ELSS is a popular tax saving option under section 80C and has a statutory lock-in period of 3 years and up to Rs 1.5 lakhs can be invested in this scheme to qualify for tax deduction under section 80C of Income Tax Act.
Wealth Creation through ELSS
Every year the Government let us set aside some money into the PPF and we did so dutifully and gladly. A tax exemption became a ritual and a pleasant one at that – we were providing for our future. But what would have happened if we’d put this money to work in equity instead? We put this question to test by analyzing 20 years of data, ranging from 1999 to 2018. We analyzed two competitors of the PPF, Equity Linked Savings Scheme (ELSS) and a pure index investment.
For the sake of parity, we took the average returns of the ELSS category. So, we considered Rs1.5 lakh investment every year (making the total invested corpus Rs 30 lakhs), starting in 1999 and ending in 2018.

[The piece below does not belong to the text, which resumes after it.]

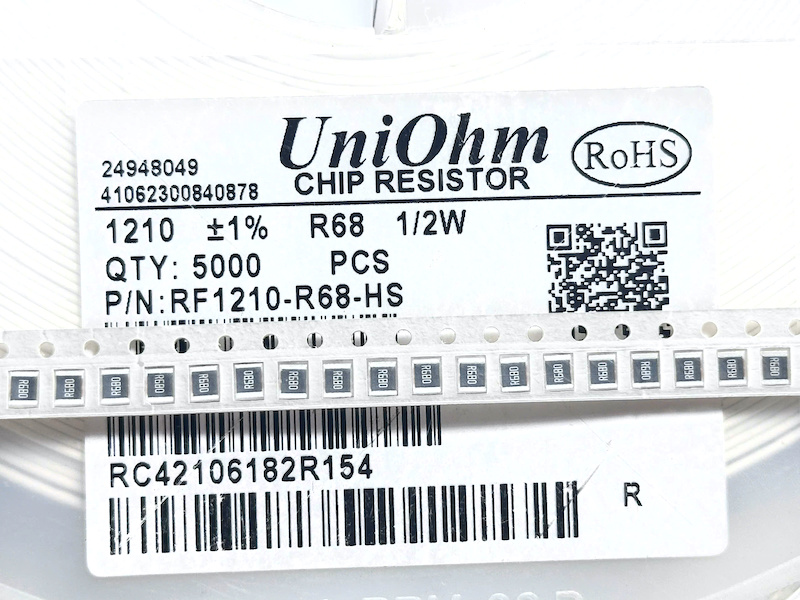 Điện trở 1210 là dòng điện trở dán bề mặt (SMD) có kích thước chuẩn 3.2mm x 2.5mm. Giá trị trở 0.68 Ohm phù hợp để hạn dòng trong mạch LED, transistor hoặc dùng như một điện trở shunt giúp đo dòng điện một cách chính xác bằng điện áp rơi trên nó.

The return on PPF came out to be Rs. 77.8 lakh, while an investment in an ELSS fund would’ve added up to a whopping Rs. 2.3 crore, almost 3 times higher! Whereas, simply investing in the index would have given a decent return of Rs. 1.5 crore, which is almost double than PPF returns.

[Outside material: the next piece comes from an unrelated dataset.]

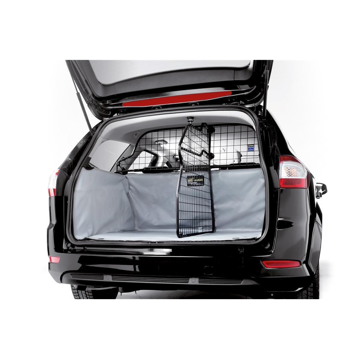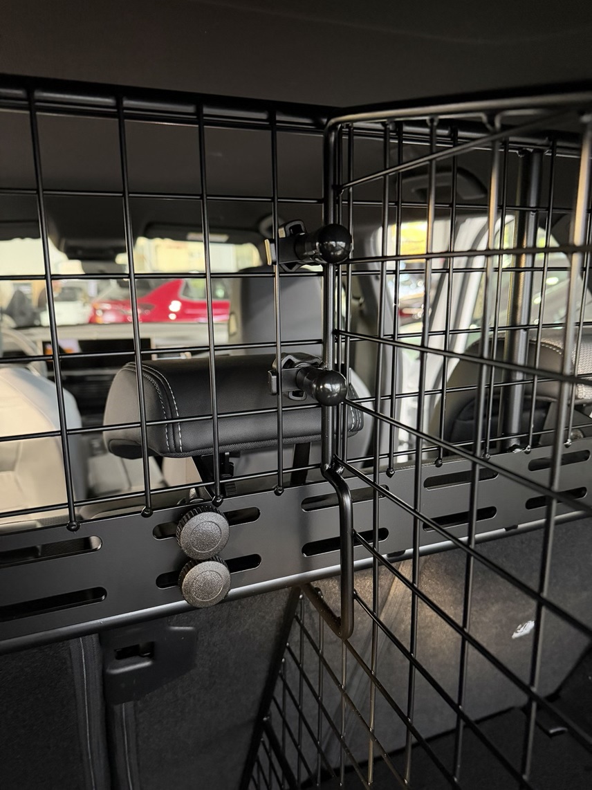 - Befestigung an das vorhandene Trenngitter hinter Rücksitzen

Map ELSS investments with your financial goals across life stages
The prime purpose of investing in ELSS is to reduce the tax outgo. But the corpus generated out of a prudent ELSS investment can also be used to fulfill key financial goals. Investors can sync their ELSS investments to attain goals across life stages such as building a retirement corpus, saving for their child’s education, buying a car or making a down payment for their house.
So, it is not a bad idea to get out of one’s comfort zone and explore the ELSS route for saving taxes and creating wealth.